With caching mode, the first time you parse a file, then an additional file will be
exported in a special format that is fast to parse. This file will have the same filename
as the original file, except it will have the ".cache" suffix.
The next time you parse the file, this program will automatically check for the existence
of the ".cache" file. If it exists, and is more recent than the file you specified, this
is parsed instead. If it does not exist, it is rebuilt.

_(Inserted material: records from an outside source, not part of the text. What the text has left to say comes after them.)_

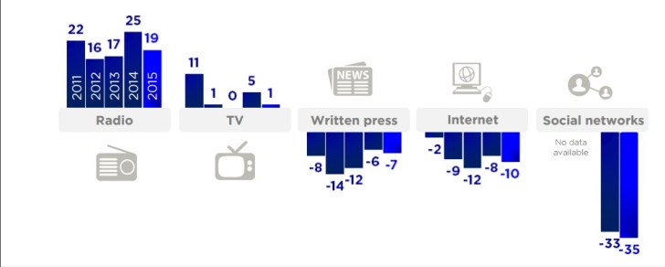 Σύμφωνα με την EBU (2016: 7), παρόμοια εικόνα φθίνουσας εμπιστοσύνης του κοινού απέναντι στα Μέσα ενημέρωσης παρατηρείται και στην Ευρώπη. Το 2015 η εμπιστοσύνη του κοινού μειώθηκε σε όλο το εύρος των Μέσων. Η τηλεόραση και το ραδιόφωνο επλήγησαν περισσότερο, ενώ ο Τύπος, το διαδίκτυο και τα κοινωνικά δίκτυα εμφάνισαν μικρή πτώση. Παρόλα αυτά, για τους Ευρωπαίους τα ραδιοτηλεοπτικά Μέσα εξακολουθούν να είναι τα πιο αξιόπιστα σε αντίθεση με τον Τύπο και τα διαδικτυακά Μέσα (διαδίκτυο και κοινωνικά δίκτυα), που εμφανίζουν μέτρια ή υψηλά ποσοστά αναξιοπιστίας αντιστοίχως. Το ραδιόφωνο θεωρείται το πιο αξιόπιστο Μέσο σε 20 χώρες, ενώ η τηλεόραση σε 13 χώρες.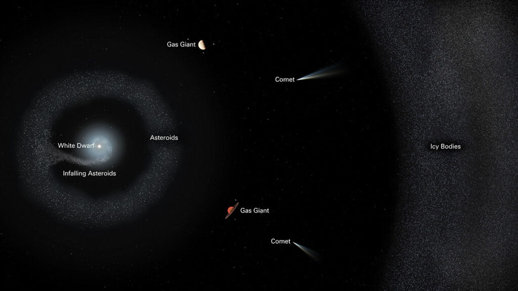 About 5 billion years later, when our sun turns into a white dwarf, if any extraterrestrial civilization observes it, it will probably see something like this. In the process of expansion, the inner objects of the solar system may evaporate, but the asteroid belt between Mars and Jupiter may have survived, which could have been dispersed by a destabilized Jupiter and rained down on a dead star.
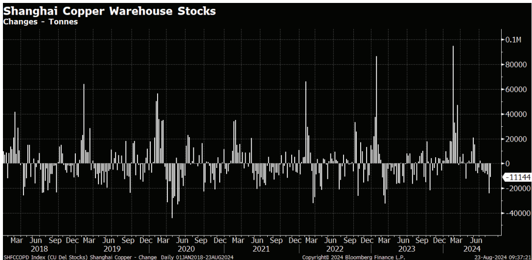 - V júli však vývoz medi z Číny nečakane klesol o 70 tis. ton, keďže zásoby na šanghajskej burze sa neustále znižovali. Posledné dva týždne podľa správy Hightower zaznamenali najväčší pokles domácich zásob medi, a to za celý rok 2024 (24, resp. 11,1 tis. ton). V dôsledku toho investori začínajú prehodnocovať, či ide o sezónny efekt a anomáliu, alebo či sa dopyt po medi v čínskej ekonomike skutočne začal pomaly zotavovať.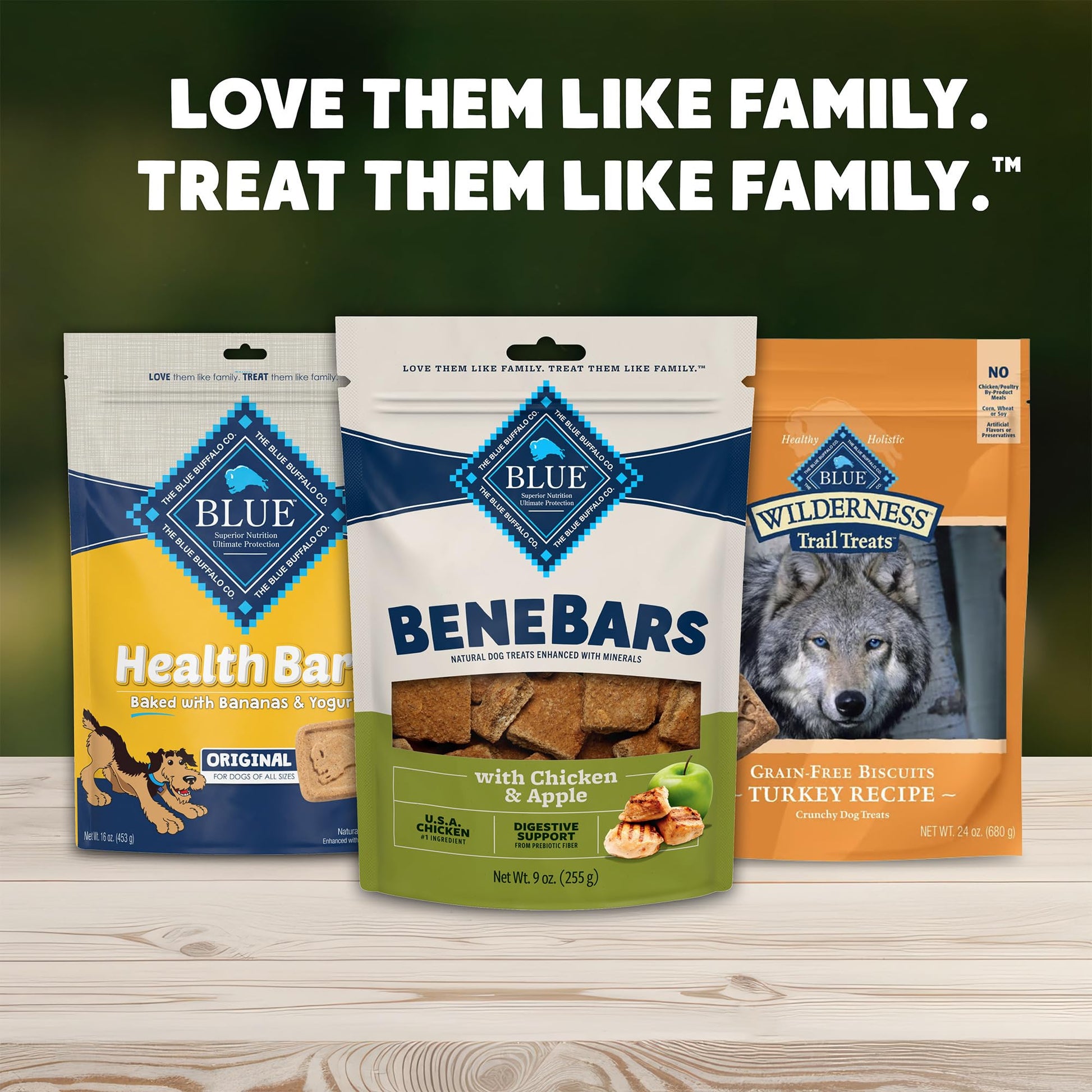 Details: Help keep your pup's digestive health on track with these BLUE BeneBars Treats for Dogs. These soft dog treats are crafted with real USA chicken and real apples. They are packed with antioxidants that create an irresistible aroma that will keep your pup coming back for more. Plus, they contain prebiotic fiber to support digestive health in dogs and contain no artificial flavors or preservatives and no corn, wheat, or soy. These Blue Buffalo treats are soft-baked, scrumptious, and packed with wholesome ingredients, perfect for pups of all breed sizes. LOVE them like family. TREAT them like family.

This will bring a speed improvement for b<some> of the output formats below (such as
pathlist). Most output formats work with event-based parsing, so caching the object brings
no benefit and will in fact be slower than bypassing the cache
FORMATS
writable formats are
go_ont
Files with suffix ".ontology"
These store the ontology DAGs
go_def
Files with suffix ".defs"
go_xref
External database references for GO terms
Files with suffix "2go" (eg ec2go, metacyc2go)
go_assoc
Annotations of genes or gene products using GO
Files with prefix "gene-association."
obo_text
Files with suffix ".obo"
This is a new file format replacement for the existing GO flat file formats. It
handles ontologies, definitions and xrefs (but not associations)
obo_xml
Files with suffix ".obo.xml" or ".obo-xml"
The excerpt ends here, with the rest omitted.